Keywords: Agriculture, Economic growth, Nigeria, Time series, Cointegration,
Vector error correction model (VECM).
Tarım sektörü gelişmekte olan uygarlıklar için bir motor ve her derde deva olabilen bir ilaç vazifesini görmektedir. Nobel ödüllü ekonomist Gunner Myrdal‟ın da belirttiği gibi “Uzun dönemdeki ekonomik büyüme tarım sektöründeki kazanma veya kaybetmenin mücadelesidir. Yine de bu kavramların ekonomik refahı nasıl doğuracağı ekonomist ve kalkınmacıların tartışma konusudur. Çalışmamız bu öncül tartışma üzerinde yükselmektedir. Bu çalışma ampirik olarak tarım sektörünün
Nijerya örneğinde ekonomik büyüme üzerindeki etkisini ölçmeyi amaçlamaktadır. Bu çalışma 1981 yılından 2013 yılına kadarki zaman serilerini veri olarak kullanmaktadır. Çalışmada Johansen çok değişkenli eş bütünleşme modeli ile vektör hata düzeltme modeli (VECM) kullanılmıştır. Çalışmanın sonuçları reel GSYİH ile tarımsal üretim ve petrol kiraları arasında uzun dönem ilişkiye Johansen eş bütünleşim modeli aracılığıyla işaret etmektedir. Halbuki vektör hata düzeltme modeline göre değişkenlerin uzun dönem dengeye uyarlama hızı düşük olarak gerçekleşmekte yüzde 10,3042 olarak karşımıza çıkmaktadır.
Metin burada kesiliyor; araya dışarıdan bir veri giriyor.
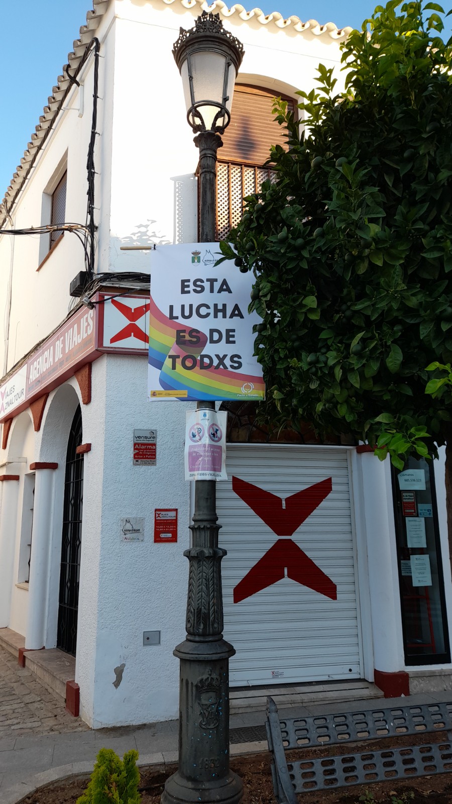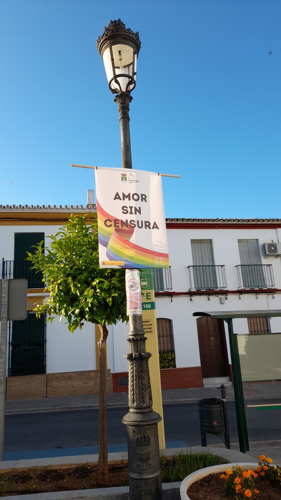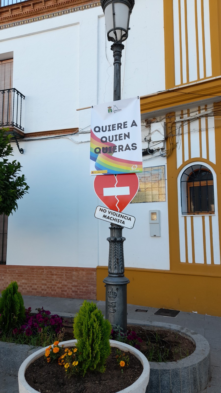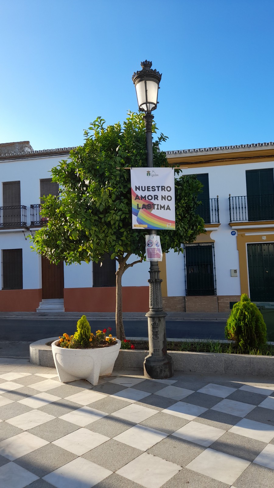 Y desde hoy, se han colocado tanto en la Plaza del Cabildo, como en la Avda. Ntro Padre Jesús, diversas banderolas con mensajes reivindicativos en materia de igualdad ante la diversidad sexual.

Ampirik verilere dayanarak şu tavsiyeler önerilebilir: ilk olarak devlet ve finansal kurumlar çiftçilere düşük geri ödemeli krediler sunmalıdır. İkinci olarak da hükümet Nijerya ekonomisini çeşitlendirmeyi seçmeli, petrol harici sektörlere de öncelik tanımalı, tarım sektörüne ayırdığı bütçeyi artırıp geliştirmelidir.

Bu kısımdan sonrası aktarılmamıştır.